Middleware in QueryMT Agent provides a pluggable way to extend and modify agent behavior. The middleware system processes requests, responses, tool calls, and tool results through a configurable chain of handlers.

Architecture

The middleware system uses a driver-based architecture where each middleware implements the MiddlewareDriver trait.
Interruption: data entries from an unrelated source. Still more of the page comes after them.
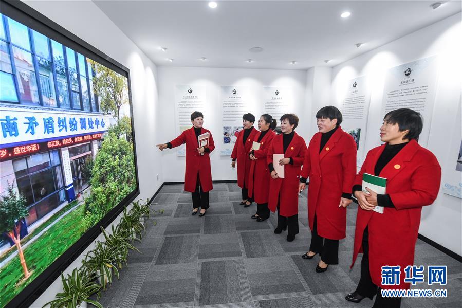 11月29日,“平安大姐”工作室的志愿者在组织学习各地优秀的社会治理经验和调解纠纷案例。新华社记者 徐昱 摄
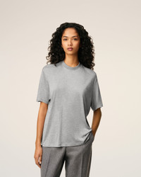T-shirt in mercerized cotton and silk jersey. Unisex product Boxy fit Tonal italic "ami" chest embroidery Tonal "ami" embroidery under back neckline 65,5cm center back length (size XS) 70,5cm center back length (size M) Made in Portugal (with love) REF: UTS333.JE0124.055 SIZE & FIT This style is unisex. For man, take your normal size. For woman, take one size down than your usual size. Man model is 182,5 cm / 5"11 and is wearing a size M. Woman model is 177 cm / 5"9 and is wearing a size XS. COMPOSITION & CARE GUIDE Main Material : 88% Viscose 12% Silk Chlorine prohibited Do not wash Do not tumble dry Cool iron Dry clean possible
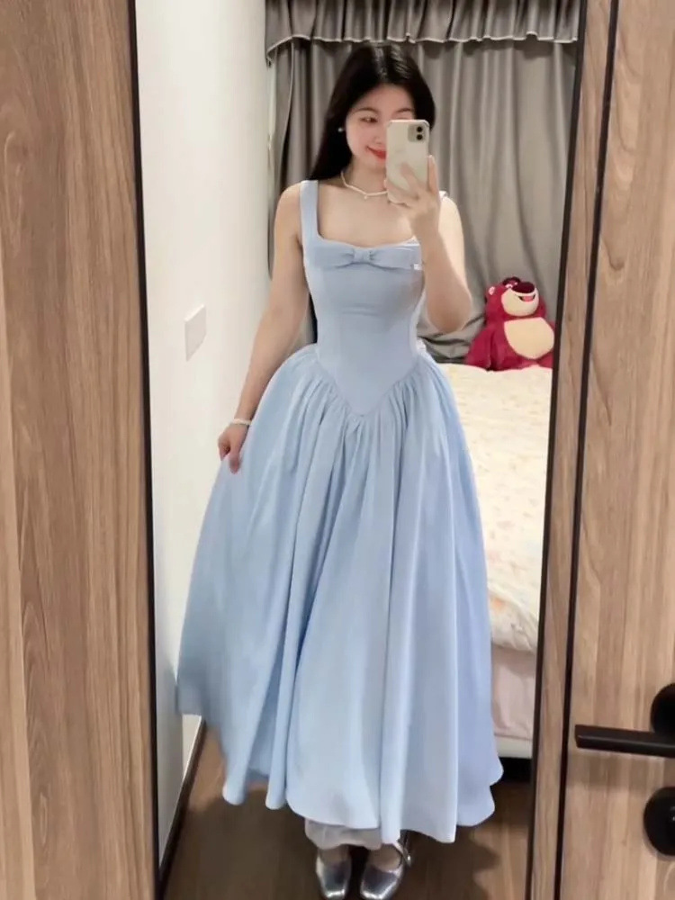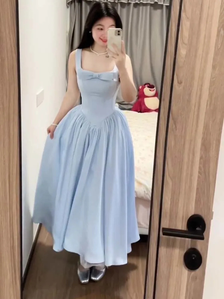 フレンチピンクのリボンスクエアネックドレス女の子のための夏2025新しいウエスト痩身気質スーパーフェアリーロングスカート
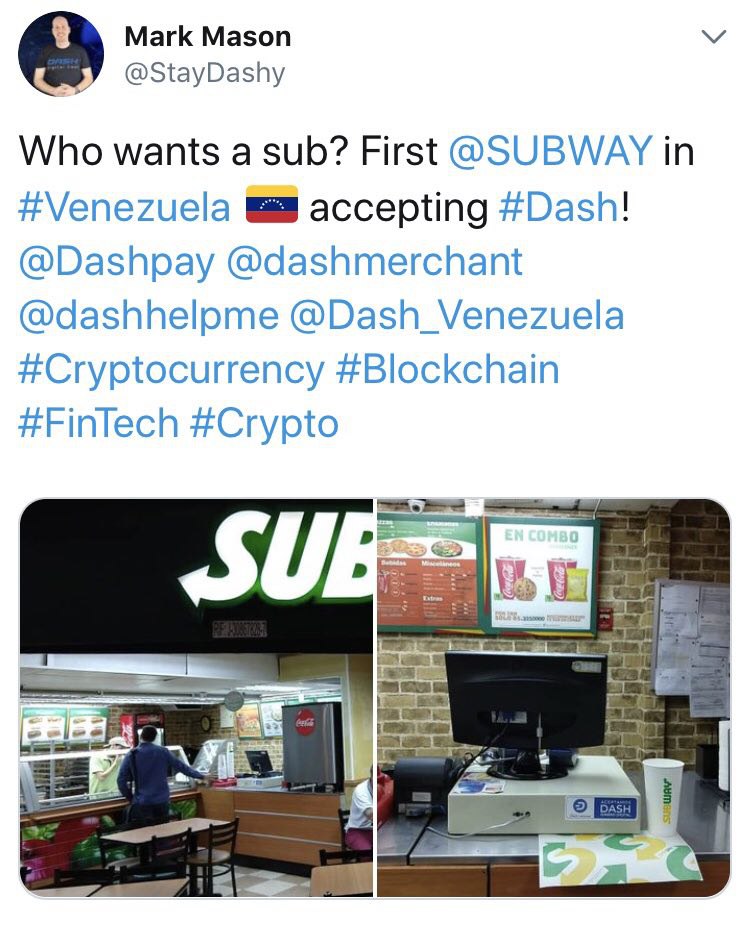 Wer möchte einen Sub? Das erste Subway in Venezuela 🇻🇪 akzeptiert nun Dash als Zahlungsmittel. Bin gespannt wie es in diesem Sektor weiter geht .
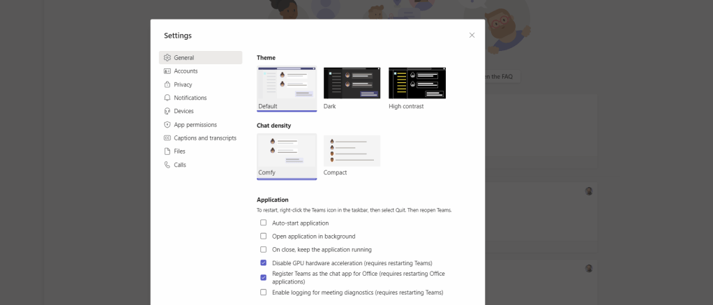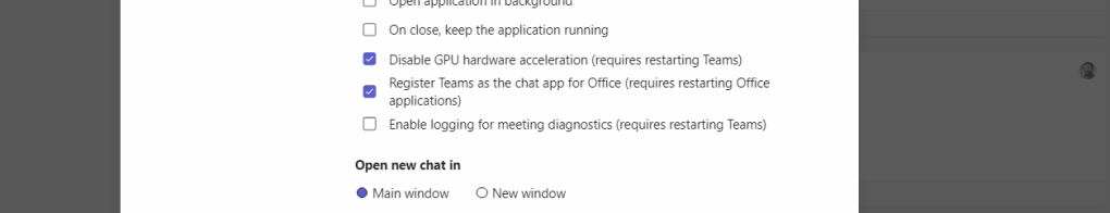 2.) In the General menu, tick Enable logging for meeting diagnostics (requires restarting Teams)
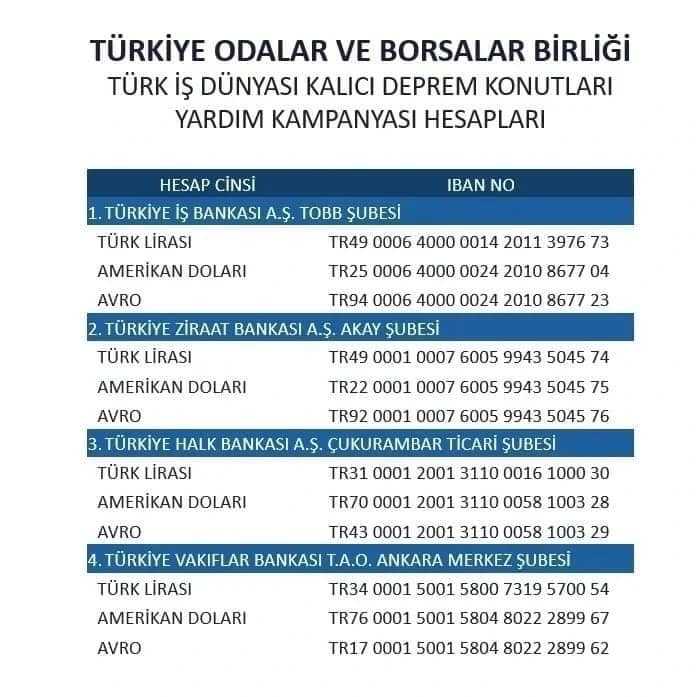 Yardımlaşma ve Dayanışma Duygusunun yoğun olarak yaşandığı bugünlerde, halkımızın da beklentileri doğrultusunda dramatik felaketten etkilenen vatandaşlarımız için her türlü yardım ve desteği sağlamanız inancıyla, nakdi bağışlarınızın anılan hesaba gönderilmesini rica ederiz.
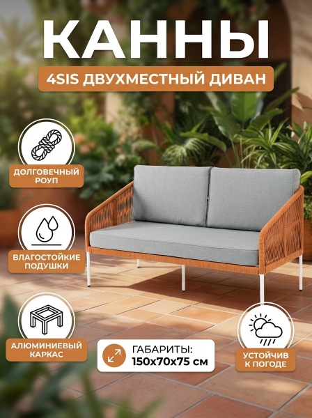 Диван 4SIS "Канны" двухместный, роуп оранжевый меланж круглый, ткань светло-серая - ОписаниеДвухместный плетеный диван «Канны» - это стильный и удобный элемент для отдыха на открытом воздухе или в помещении. Он изготовлен из качественного и прочного материала - роупа цвета оранжевый меланж, обеспечивающий высокую стойкость к износу и долговечность изделия. Основой дивана является алюминиевый каркас светло-серого (RAL7035) цвета, что делает его легким и устойчивым к коррозии. В комплекте идут удобные подушки с наполнителем и съёмными чехлами, которые обработаны водоотталкивающим составом. Материал чехлов - 100% полиэстер с плотностью 300 гр/м2.
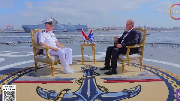 وقال قائد قوات البحرية المصرية، في لقائه على قناة "دي ام سي"، إننا الآن في الميناء الغربي في قاعدة الإسكندرية البحرية، ومن خلفنا تظهر الميسترال وعدد من الفرقاطات، وبعض الوحدات التي تقوم بتامين المسطح المائي للميناء.
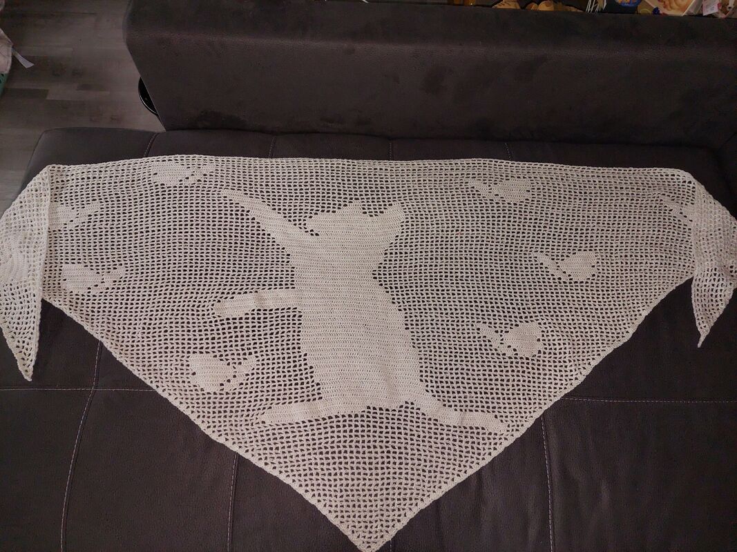 Ihr könnt selbstverständlich auch andere Bobbel / Wolle / Farbe / Nadel für das Tuch verwenden. Bitte beachtet nur, dass sich da ein anderes Maß des Tuches ergeben kann

Multiple drivers are chained together in a CompositeDriver that processes each agent interaction.

flowchart LR
    A([User Request])
    subgraph CD["CompositeDriver (Middleware Chain)"]
        M1["Limits<br/>Middleware"] --> M2["Context<br/>Middleware"] --> M3["AgentMode<br/>Middleware"]
    end
    B([Agent Processing])

    A --> CD --> B

Middleware Driver Trait

All middleware must implement the MiddlewareDriver trait:

pub trait MiddlewareDriver: Send + Sync {
    /// Unique name for this middleware
    fn name(&self) -> &str;

    /// Process incoming request (before agent processes)
    fn process_request(&self, request: &mut Request) -> Result<()>;

    /// Process outgoing response (after agent processes)
    fn process_response(&self, response: &mut Response) -> Result<()>;

    /// Process tool call (before tool execution)
    fn process_tool_call(&self, tool_call: &mut ToolCall) -> Result<()>;

    /// Process tool result (after tool execution)
    fn process_tool_result(&self, result: &mut ToolResult) -> Result<()>;
}

Built-in Middleware

LimitsMiddleware

Enforces execution limits on agent operations.

Configuration:

[[middleware]]
type = "limits"
max_steps = 200
max_turns = 50

Features: - max_steps: Maximum tool calls per session - max_turns: Maximum conversation turns - price_limit: Maximum cost (if provider supports)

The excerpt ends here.